= Aishah Rahman =

American dramatist

Aishah Rahman (November 4, 1936 – December 29, 2014) was an American playwright, author, professor and essayist. She was known for her participation and contribution to the Black Arts Movement, as well as her plays documenting various aspects of black life.

==Early years and education==
Aishah Hughes was born November 4, 1936, in New York City. Rahman grew up as a foster child in Harlem. Church was a big part of her life, and she spent her free time as a child hopping between churches. She wrote her first play in sixth grade about germs for National Health week. She attended George Washington High School, and graduated in 1954. She was inspired by fellow Harlem writers Langston Hughes and James Baldwin and left Harlem in the late 1950s to join the emerging Jazz and Beat scene where she was one of the few Black women. Rahman has attributed her interest in theater to her difficult life growing up in foster care, as she often was "a conduct problem," but found solace in the realm of theater, where her extroversion was celebrated. She attended Howard University and Goddard College, and in 1992 she became a professor of Literary Arts at Brown University. At Brown, Rahman worked to edit and create an anthology of plays from the university entitled NuMuse.

==Career==
Rahman was an avid participator in the Harlem Black Arts Movement. She participated in numerous demonstrations, including in 1961 to protest the murder of Patrice Lumumba. Having grown up in Harlem, Rahman felt strongly connected to the people and the movement for a "black aesthetic," as she calls it. She has published numerous essays about the movement.

The Black Arts Movement helped to propel Rahman forward as a playwright. She credits Adrienne Kennedy, Amiri Baraka, Sam Shepard, Federico García Lorca and Bertolt Brecht as her literary influences. Further yet, Rahman's work was strongly influenced by jazz music, and jazz's rhythm and meter is integral to the structure and flow she establishes in her plays.

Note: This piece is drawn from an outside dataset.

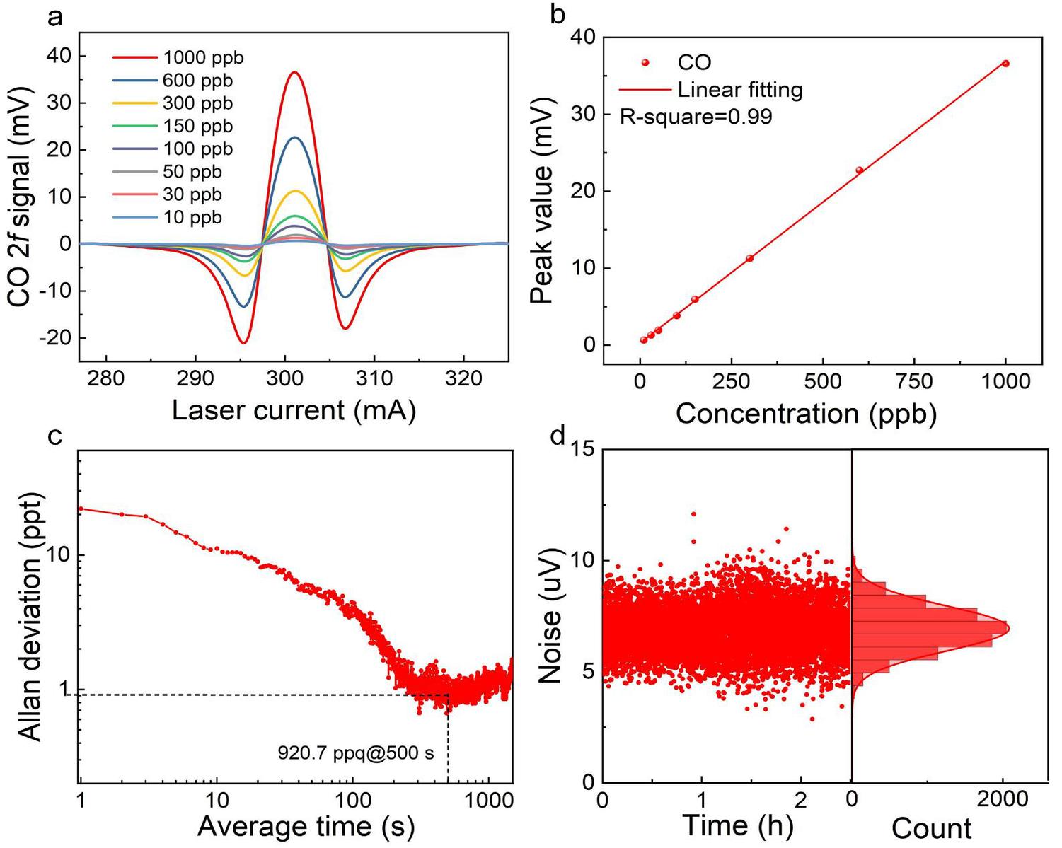 基于优化多通池和石英音叉的CO-LITES传感性能测试:(a)不同一氧化碳浓度下2f信号曲线;(b)浓度线性响应;(c)Allan方差分析;(d)噪声连续检测
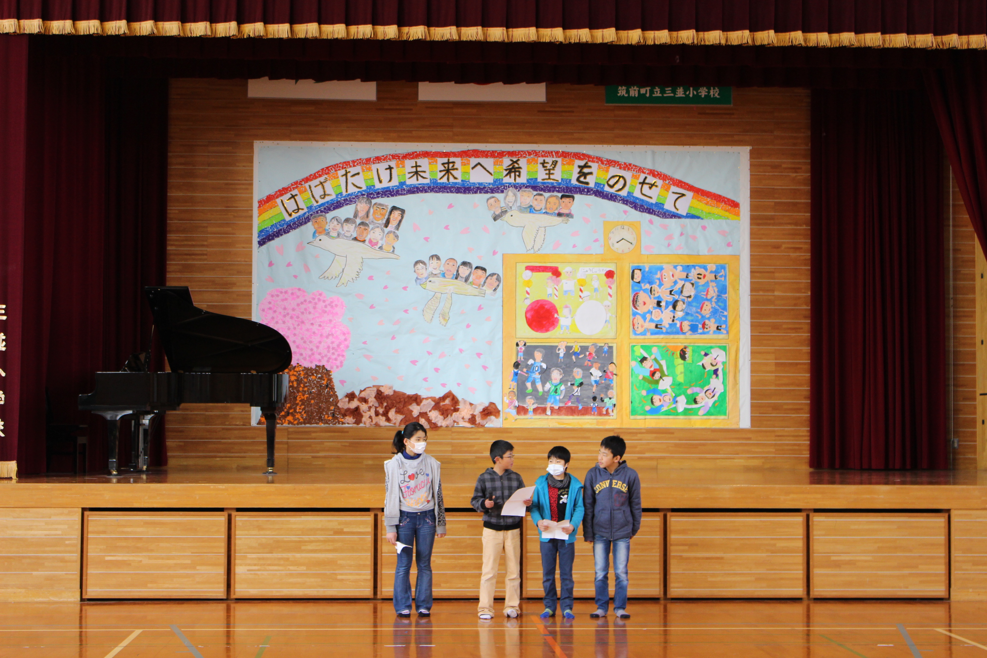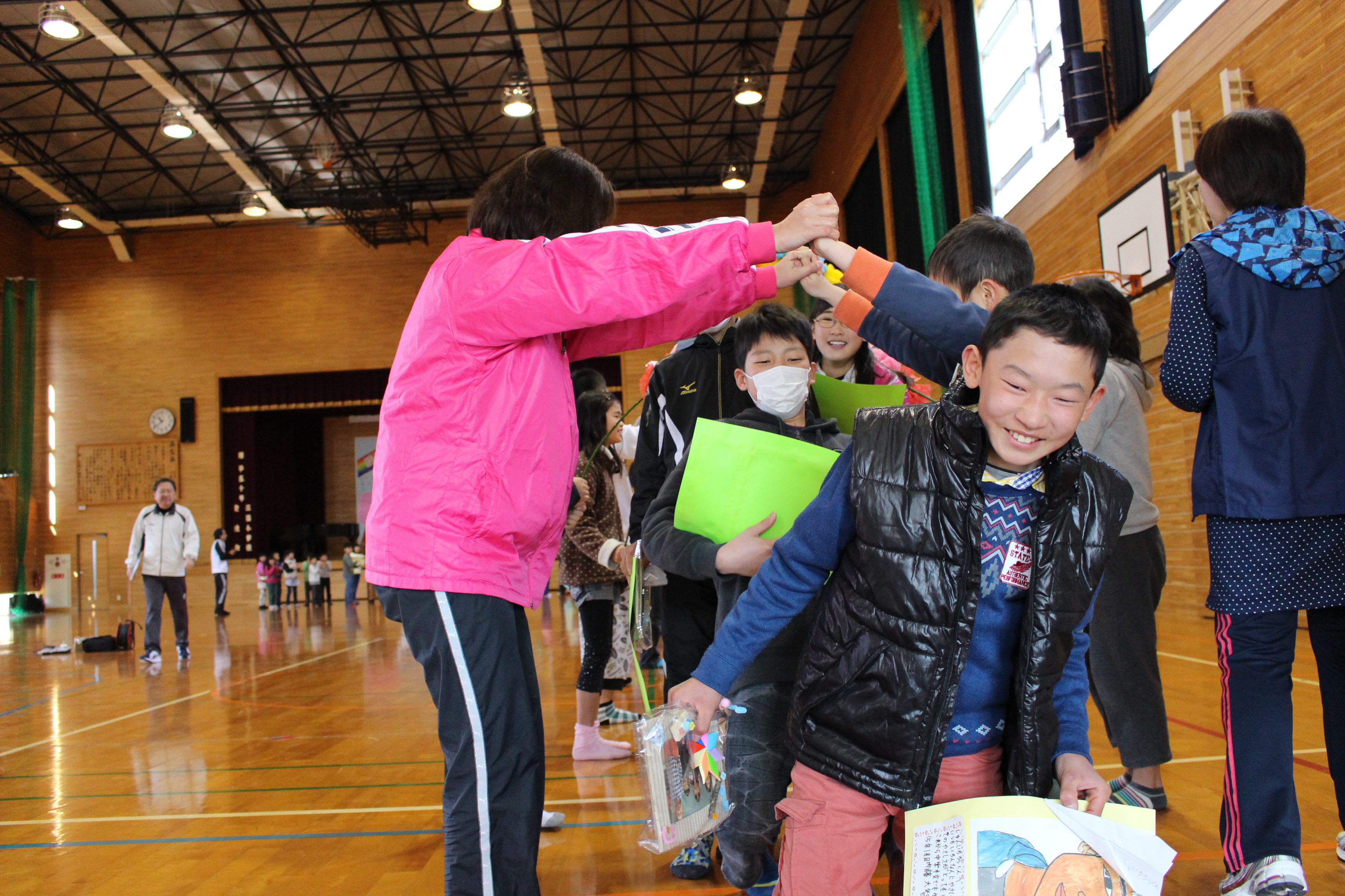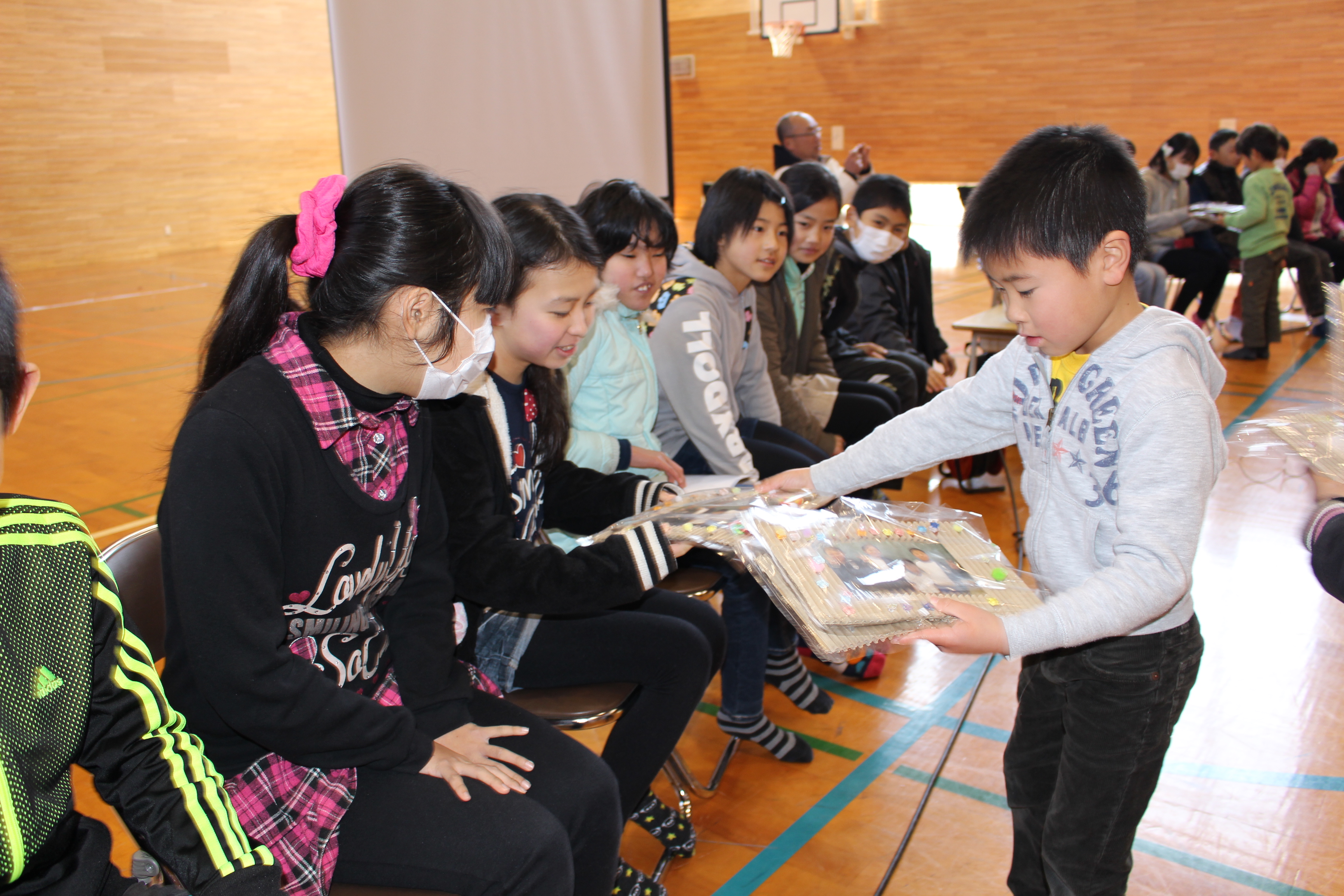集会では5年生が企画、準備、当日の進行等を立派に努め、集会を作り上げてくれました。各学年が工夫した「出し物」を披露した後、6年生に感謝の気持ちや応援メッセージ、プレゼントを贈ったり、6年生が一人ずつメッセージを伝えたりしました。

Rahman was the author of numerous plays. Her styles range from dramas, such as Unfinished Women Cry In No Man's Land While a Bird Dies in Gilded Cage and The Mojo and the Sayso, to musicals, such as Lady Day A Musical Tragedy, or The Tale of Madame Zora. Her plays were produced at The Public Theater, The Ensemble Theatre and theaters and universities across the United States. Among her numerous fellowships, grants and awards are a special award from the Rockefeller Foundation of the Arts for dedication to playwriting in the American Theater, The Doris Abramson Playwriting Award for The Mojo and the Sayso, and a New York Foundation for the Arts Fellowship.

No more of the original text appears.